美しい景観にこそ価値があるのに、ビジネスホテルが乱立して台無しになってしまうとか。ある町屋が中国人に安く買い叩かれて壊されてしまったり。

魅力ある観光資源がどんどん「壊されていく様」に、私は強い危機感を持っています。

木下:今、トランプ政権が関税による外国企業の締め出しを行って賛否両論が巻き起こっていますが、是非はともかく、「自国資本による事業を守るための手段」として理解はできます。一方、日本はその逆で、海外資本に対して無防備なほど開放をしています。

なぜそんなことをするかというと、目先の経済的には伸びるからですね。ニセコだって、沖縄だって、その他のインバウンド客が押し寄せる地域だって、東京資本や海外資本が入ったことで、潜在的だった魅力が開発され、成長した側面があります。

一方で内実を見れば、観光客からの稼ぎについては外資が施設を投資し、外資がホテルを運営し、働く人も海外から……となると、「日本国内での経済活動ではあるためGDPなどには反映されるプラス効果はあるものの、結果として地元に残る資金は限られる」ということも少なくありません。

適切な東京資本や外資誘導によって地域の価値を再評価することも一定程度必要であるものの、やはり「地元資本による開発」もまた大切なのです。

地元資本企業は儲けが出れば、地元に再投資をする。一方で外資は世界のポートフォリオの中で別の発展地域に資本を移動させて再投資をする。

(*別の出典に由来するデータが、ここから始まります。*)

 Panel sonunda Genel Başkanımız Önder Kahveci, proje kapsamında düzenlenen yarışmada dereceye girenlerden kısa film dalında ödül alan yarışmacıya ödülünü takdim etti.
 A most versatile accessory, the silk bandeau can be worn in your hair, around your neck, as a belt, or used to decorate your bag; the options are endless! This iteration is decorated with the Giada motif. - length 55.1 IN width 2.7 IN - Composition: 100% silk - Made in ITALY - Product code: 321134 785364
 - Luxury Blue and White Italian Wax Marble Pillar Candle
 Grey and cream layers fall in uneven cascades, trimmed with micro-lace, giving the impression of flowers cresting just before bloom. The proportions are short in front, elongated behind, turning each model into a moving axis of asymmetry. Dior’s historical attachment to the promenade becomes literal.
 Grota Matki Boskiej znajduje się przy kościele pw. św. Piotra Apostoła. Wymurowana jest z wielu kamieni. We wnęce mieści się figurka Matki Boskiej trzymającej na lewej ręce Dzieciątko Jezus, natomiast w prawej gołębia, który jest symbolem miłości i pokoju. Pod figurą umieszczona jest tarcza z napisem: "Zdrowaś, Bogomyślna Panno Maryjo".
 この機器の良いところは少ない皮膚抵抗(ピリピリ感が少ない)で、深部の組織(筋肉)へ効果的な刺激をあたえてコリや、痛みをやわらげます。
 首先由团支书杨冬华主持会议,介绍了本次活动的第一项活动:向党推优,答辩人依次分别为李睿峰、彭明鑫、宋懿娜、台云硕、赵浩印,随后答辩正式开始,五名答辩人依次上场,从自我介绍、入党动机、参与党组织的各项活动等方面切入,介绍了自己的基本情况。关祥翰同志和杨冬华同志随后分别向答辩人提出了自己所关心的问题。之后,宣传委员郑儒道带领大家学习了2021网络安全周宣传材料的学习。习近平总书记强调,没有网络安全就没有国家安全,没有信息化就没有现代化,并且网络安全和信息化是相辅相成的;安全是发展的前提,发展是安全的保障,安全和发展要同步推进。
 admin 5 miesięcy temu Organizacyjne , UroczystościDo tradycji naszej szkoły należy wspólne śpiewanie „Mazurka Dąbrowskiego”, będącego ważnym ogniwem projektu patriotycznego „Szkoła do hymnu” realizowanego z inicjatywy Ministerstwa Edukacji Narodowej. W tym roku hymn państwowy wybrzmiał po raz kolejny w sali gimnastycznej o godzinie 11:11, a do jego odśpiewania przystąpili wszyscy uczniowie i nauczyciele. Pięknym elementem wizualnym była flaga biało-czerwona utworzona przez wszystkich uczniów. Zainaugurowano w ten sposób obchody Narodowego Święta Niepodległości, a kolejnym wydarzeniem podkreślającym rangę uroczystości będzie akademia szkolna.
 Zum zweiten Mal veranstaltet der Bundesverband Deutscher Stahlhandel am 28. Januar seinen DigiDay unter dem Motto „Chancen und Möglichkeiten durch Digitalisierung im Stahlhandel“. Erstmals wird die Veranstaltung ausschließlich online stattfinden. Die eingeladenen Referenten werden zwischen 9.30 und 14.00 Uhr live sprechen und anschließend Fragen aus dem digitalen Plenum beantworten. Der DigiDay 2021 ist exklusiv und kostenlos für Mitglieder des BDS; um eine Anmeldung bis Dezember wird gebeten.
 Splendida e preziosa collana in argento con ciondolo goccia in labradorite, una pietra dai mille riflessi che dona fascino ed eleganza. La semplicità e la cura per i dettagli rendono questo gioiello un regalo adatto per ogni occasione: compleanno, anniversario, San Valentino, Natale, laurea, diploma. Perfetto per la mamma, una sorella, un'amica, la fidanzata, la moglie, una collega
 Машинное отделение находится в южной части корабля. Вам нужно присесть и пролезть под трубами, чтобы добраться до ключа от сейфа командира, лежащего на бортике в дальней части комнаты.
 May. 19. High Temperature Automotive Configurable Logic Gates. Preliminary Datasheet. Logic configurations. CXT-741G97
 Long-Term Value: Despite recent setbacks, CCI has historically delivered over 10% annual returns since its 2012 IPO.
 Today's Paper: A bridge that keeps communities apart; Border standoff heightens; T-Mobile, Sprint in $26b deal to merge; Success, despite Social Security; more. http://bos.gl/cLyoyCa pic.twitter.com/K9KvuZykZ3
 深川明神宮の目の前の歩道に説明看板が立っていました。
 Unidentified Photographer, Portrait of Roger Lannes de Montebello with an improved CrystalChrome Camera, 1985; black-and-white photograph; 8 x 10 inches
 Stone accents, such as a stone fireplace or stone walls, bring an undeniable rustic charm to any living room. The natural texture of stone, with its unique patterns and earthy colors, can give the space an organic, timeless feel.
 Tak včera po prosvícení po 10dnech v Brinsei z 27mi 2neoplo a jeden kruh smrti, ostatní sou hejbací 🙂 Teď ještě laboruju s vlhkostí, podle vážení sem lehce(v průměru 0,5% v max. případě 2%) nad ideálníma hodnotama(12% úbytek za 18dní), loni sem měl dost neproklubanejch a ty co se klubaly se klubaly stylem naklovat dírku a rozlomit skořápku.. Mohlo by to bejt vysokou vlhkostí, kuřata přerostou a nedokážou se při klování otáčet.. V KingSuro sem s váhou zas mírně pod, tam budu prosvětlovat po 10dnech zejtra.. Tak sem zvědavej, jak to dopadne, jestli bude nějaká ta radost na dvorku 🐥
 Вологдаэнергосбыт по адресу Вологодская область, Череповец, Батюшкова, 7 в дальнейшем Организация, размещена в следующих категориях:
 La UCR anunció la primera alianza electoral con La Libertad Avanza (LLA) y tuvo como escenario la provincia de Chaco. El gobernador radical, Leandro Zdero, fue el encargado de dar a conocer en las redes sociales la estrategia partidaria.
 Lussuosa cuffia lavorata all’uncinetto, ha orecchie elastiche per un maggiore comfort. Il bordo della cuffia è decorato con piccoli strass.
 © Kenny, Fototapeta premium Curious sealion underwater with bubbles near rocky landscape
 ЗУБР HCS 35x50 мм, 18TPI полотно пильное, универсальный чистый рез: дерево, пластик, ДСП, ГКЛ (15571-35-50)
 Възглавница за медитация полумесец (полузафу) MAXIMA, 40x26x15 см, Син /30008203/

だから地元資本による投資はとても大切なのです。

50年、100年単位で「地域が地域らしく残るか」

木下:実際に今、ニセコでも地元の方々が独自のサービスでも奮闘していますし、沖縄でも地元企業が新たな切り口での観光産業を伸ばそうとする挑戦も始まっています。たんに「有名な外資ホテルがどんどん建てばよくなる」「インバウンド客が来るだけでよくなる」というような単純な話だけではないのですよね。

永谷:だけど、すでに大口の資本が参入した地域では、「固定資産税がたくさん入ってきてラッキー」などと思ってしまっているわけです。そうして、主要駅から直結でホテルに行くだけの「何の面白みもない町」ができあがっていく。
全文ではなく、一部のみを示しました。